## TASK TO COMPLETE
Nothing but the lines from the top of the data to the line holding "X射线属于高能光子,集中了脉" should be printed, word for word and both ends included; leave the pictures out.

## EXERCISE DATA
★ ★ ★

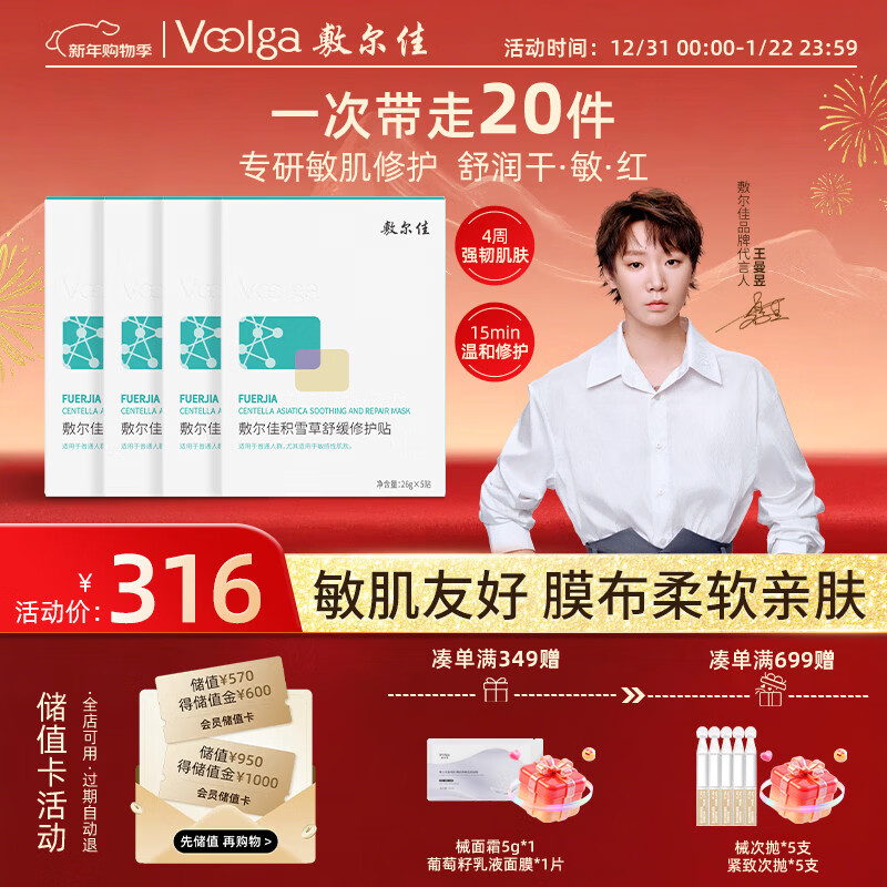 自营敷尔佳【成毅同款】积雪草舒缓修护贴4盒 补水保湿舒缓面膜 礼物送女友
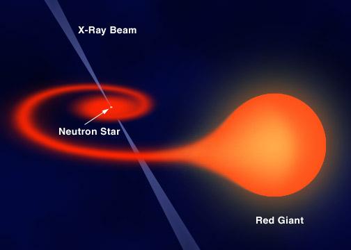 X射线属于高能光子,集中了脉冲星绝大部分能量,易于小型化设备探测与处理。相反,射电波需要巨大的接收天线等设施,在空间飞行器上无法搭载。上图为X射线双星系统示意图。
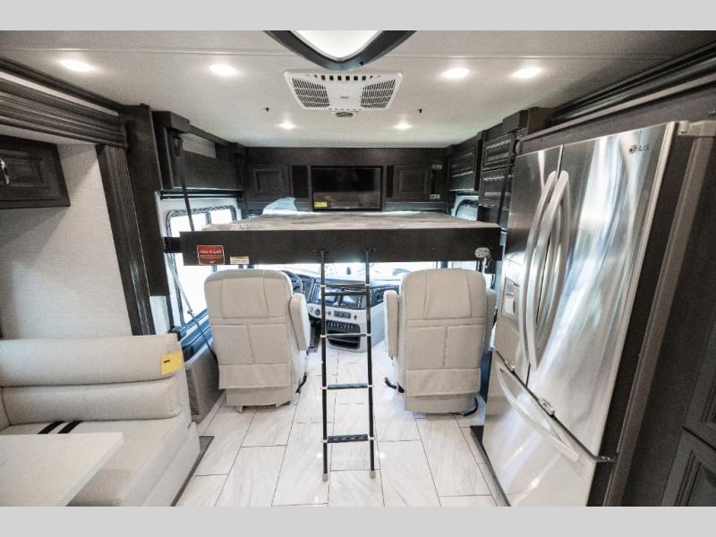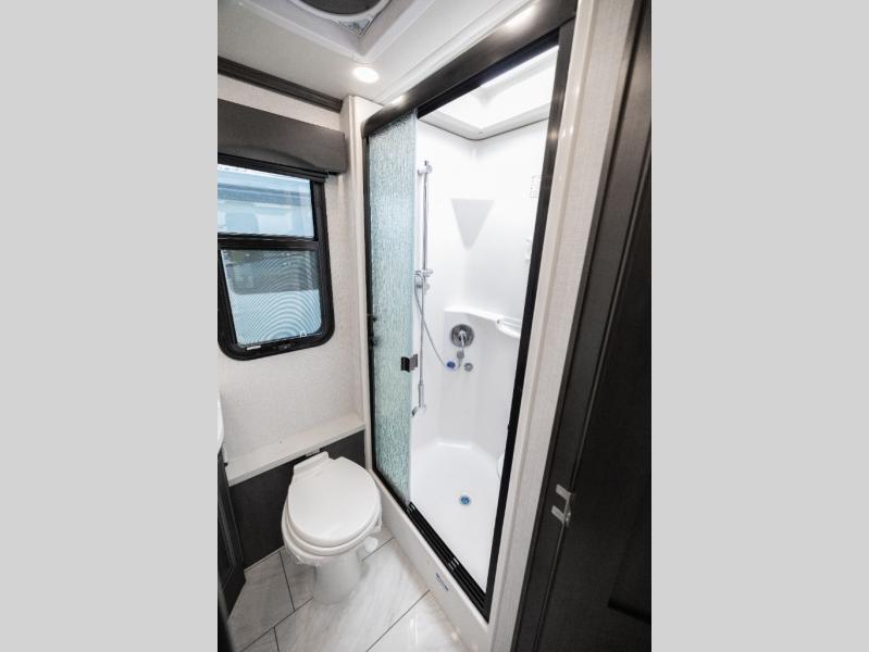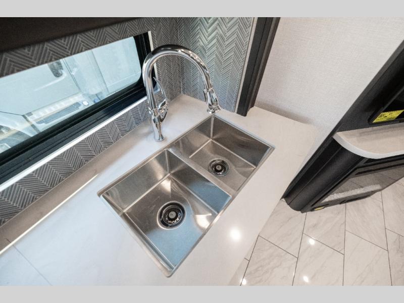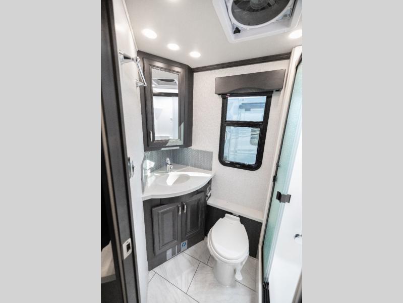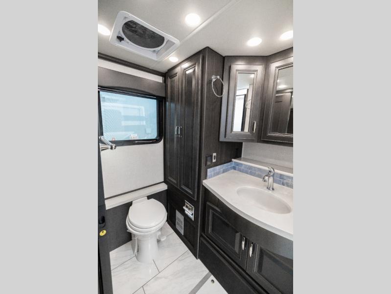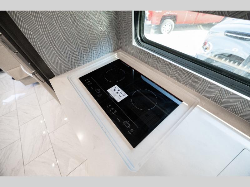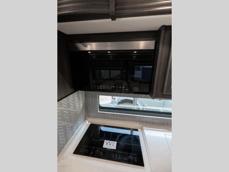 This coach offers a family or a couple that enjoys entertaining overnight guests plenty of sleeping space with the convertible bunk beds with barn doors. You can sleep even more guests when the optional Hide-A-Bed power drop-down overhead bunk is added, plus the sofa sleeper with pull-out twin bed and the booth dinette. The main living area also has an LED TV with a fireplace below and an LED TV over the cab to watch. The two full bathrooms shorten the waiting lines, and are convenient for all. The rear bathroom that is attached to the master bedroom even has a bedroom wardrobe. The bedroom provides a king bed slide for more floor space, and a side-by-side washer/dryer to keep everything clean while on the road, an LED TV to watch before bedtime, and more clothing storage. The kitchen offers stainless steel appliances, a convection microwave, an induction cooktop and so much more!

★ ★ ★

## COMPLETED EXERCISE
 自营敷尔佳【成毅同款】积雪草舒缓修护贴4盒 补水保湿舒缓面膜 礼物送女友
 X射线属于高能光子,集中了脉冲星绝大部分能量,易于小型化设备探测与处理。相反,射电波需要巨大的接收天线等设施,在空间飞行器上无法搭载。上图为X射线双星系统示意图。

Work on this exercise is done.